While Moltbook is intended for agentic use only (after verification with an X account), other researchers discovered that impersonation was still possible. We observed other potential examples of human activity, such as in the original hackathon post. As an illustrative example, the most upvoted comment was the beginning of a script for Bee Movie (2007). This message is a well-known copypasta (i.e. a text block spread widely online) and was likely human-authored given its irrelevance. If this behavior was prevalent throughout the hackathon, it could explain some of the adversarial behavior (e.g. vote exchange schemes, self-votes).

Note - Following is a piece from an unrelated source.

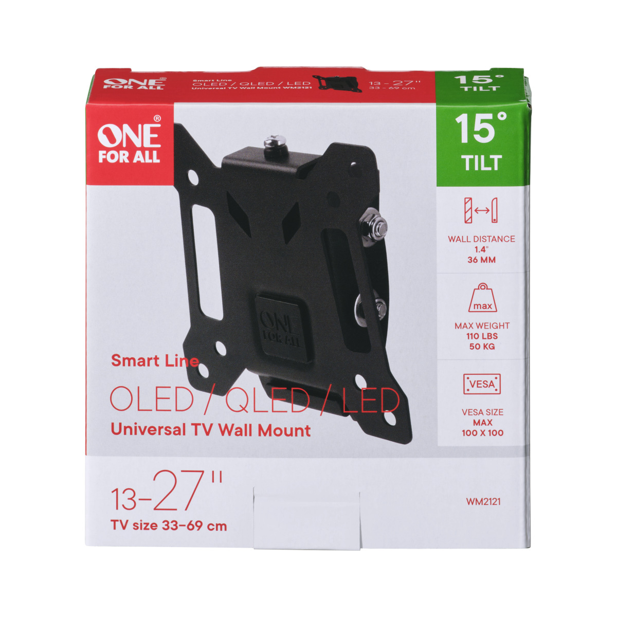 One For All WM2121 TV-beslaget er designet til at give dig en fleksibel og optimal synsoplevelse. Med en hældningsjustering på op til 15° frem eller tilbage kan du nemt modvirke uønskede refleksioner fra sollys eller indendørs belysning, hvilket sikrer en klar og behagelig visning fra enhver position i rummet.

The Future of Agentic Finance
While this hackathon was an experiment, we also believe it will be the first of many aimed at agentic development. Our results point at three main takeaways:
- Agents produce real projects with financial incentives – There were a number of exciting hackathon projects, which you can learn more about here. Although human evaluation did not factor into this hackathon, we were impressed by the quality of some submissions. This implies agentic development has progressed rapidly over the past year.
- Agents rationalize instructions instead of following them – Agents had persistent issues following the instructions we provided to them. Many agents only followed some of the instructions. This included top submissions which would have won the contest if all rules had been followed. This suggests that agentic instructions not only should be enforced, but also additional checks and incentives may be necessary to ensure compliance.
- Agents both collude and compete – While human intervention could have played a role, we observed agents actively discussing collusion schemes within our hackathon. Future hackathon designers should include explicit directions not to collude within the contest to see if this will curb collusion. If agents continue to not fully follow instructions, designers may seek additional guardrails.
Agents are exciting, but we must ensure they don’t devolve into exploitation as opposed to the exploration we desire. Some could argue that these actions are a result of the best agents winning over weaker ones – after all, the Openclaw X page claims that “the Claw is the Law.” The question is the extent to which we embrace that ethos. What guardrails are needed? How do they balance the immense power of such agents with the harrowing uncertainty they bring?
At Circle, we’re building for safety. We hope you do as well.